To cloud or not to cloud?
Once you settle on technology, you may start wondering how to execute the data processing or machine learning pipeline. It may seem a foolish question, but I assure you it’s worth asking: should I put my pipeline in the cloud?
The benefits are obvious: with the cloud we are getting rid of all the infrastructure issues (or more precisely those issues are delegated to a third party) and we don’t really have to design for the database capacity and overall server performance, which we have to take into account for machine learning and deep learning pipelines. In the case of database capacity issues or underpowered instances, we can always pay more for more space or for a better machine.
But does the cloud present us only with benefits? My working experience has taught me there are situations, institutions and kinds of data where the cloud is not an option, or at least it’s not the preferred one. If you’re analyzing highly sensitive data or you are working for an reputation-sensitive institution (like an investment bank for example) dedicated, on-site database and a calculation server are options worth considering.
In any other situation, cloud should be your go-to solution for wrangling, processing and analysing big amounts of data for machine learning or deep learning pipeline.
Creating the pipeline is not the hardest part; managing multiple pipelines is
With the pipeline created and in place you may start to see additional problems: how to run the process in an automated manner? Is my sequential data processed in the right order? Is it in a good shape? At what stage of processing is my data right now? Can the process fail, and what happens if it does?
There are tools on the market able to help with those questions, but it’s important that you answer some of them before you even start to implement a specific pipeline.
- Do I need to quality check the product of the data processing pipeline?
- Do I need to monitor the state of processing?
- What should happen if the process fails? How would I know?
- Should the process be triggered automatically or manually?
These questions may help you understand your needs better in order to assess if you even need a pipeline monitoring system; e.g. when you start small, with a single simple pipeline, a monitoring system may be overkill, stopping you from getting analysis insights or from further implementation of machine learning and deep learning pipelines.
If you decide to give a monitoring system a try you may - again - consider going for FOSS and try a production-ready solution like Apache Airflow. It solves most of the issues with pipelines, providing a scheduler. And it has the ability to monitor stages of multiple pipelines; it even has a Gantt chart, showing scheduled tasks with their durations.

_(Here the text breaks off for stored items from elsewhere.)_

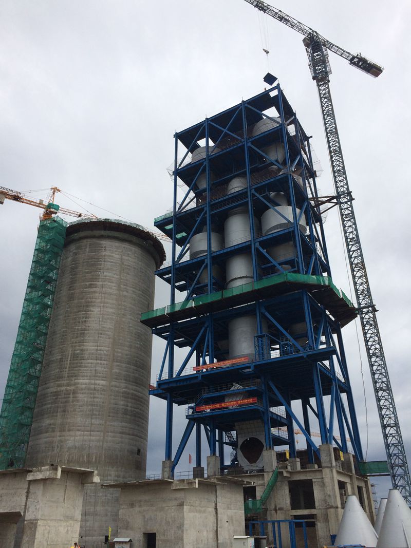 莫桑比克當地時間2015年4月6日上午8時18分,由蘇州中材建設有限公司承建的中基建設發展有限公司莫桑比克馬普托5000t/d熟料水泥生產線窯尾框架按期順利封頂。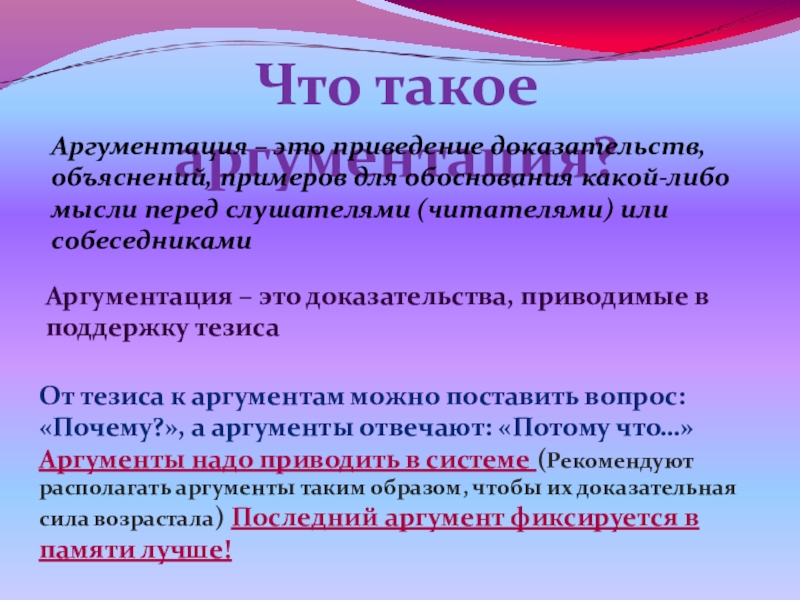 Аргументы надо приводить в системе (Рекомендуют располагать аргументы таким образом, чтобы их доказательная сила возрастала) Последний аргумент фиксируется в памяти лучше!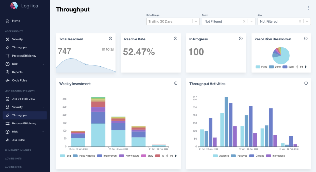 Logilica helps engineering leaders to automate capturing flow metrics. Speak to one of our friendly team members, who can walk you through the Logilica platform to see if we are a good match for you. Our SaaS platform is free to sign up and you can get started in as quickly as 15min to see your own engineering flow metrics!

When you start from scratch, it may be tempting to build a monitoring system by yourself. This is a very beneficial exercise which I have taken with one of my clients in the past. Long story short: in a few months we built an in-database monster with tons of relationships, flags, statuses, triggers and cursor-based queries. In the end we had to admit our defeat, replacing our monster with some proprietary software. Anyway, if you have the time and money to learn from your own mistakes, I highly recommend going through this process. Otherwise, it is better and faster to look for a helping hand from someone who has already traveled this path.
Data processing pipelines - a worthwhile effort
Building data processing pipelines for machine learning or deep learning projects is a complex and challenging activity, but it’s also very beneficial. Well-designed, scalable and testable pipelines with a proper monitoring system give you a stable environment for your data science, data analysis and business intelligence projects. It provides a stable data flow from the extraction phase, through all the merging, melting, wrangling and other transformation activities, to loading the data into the destination database.
Such a large amount of processes may look overwhelming, but at the end of the day - it’s definitely worth a try!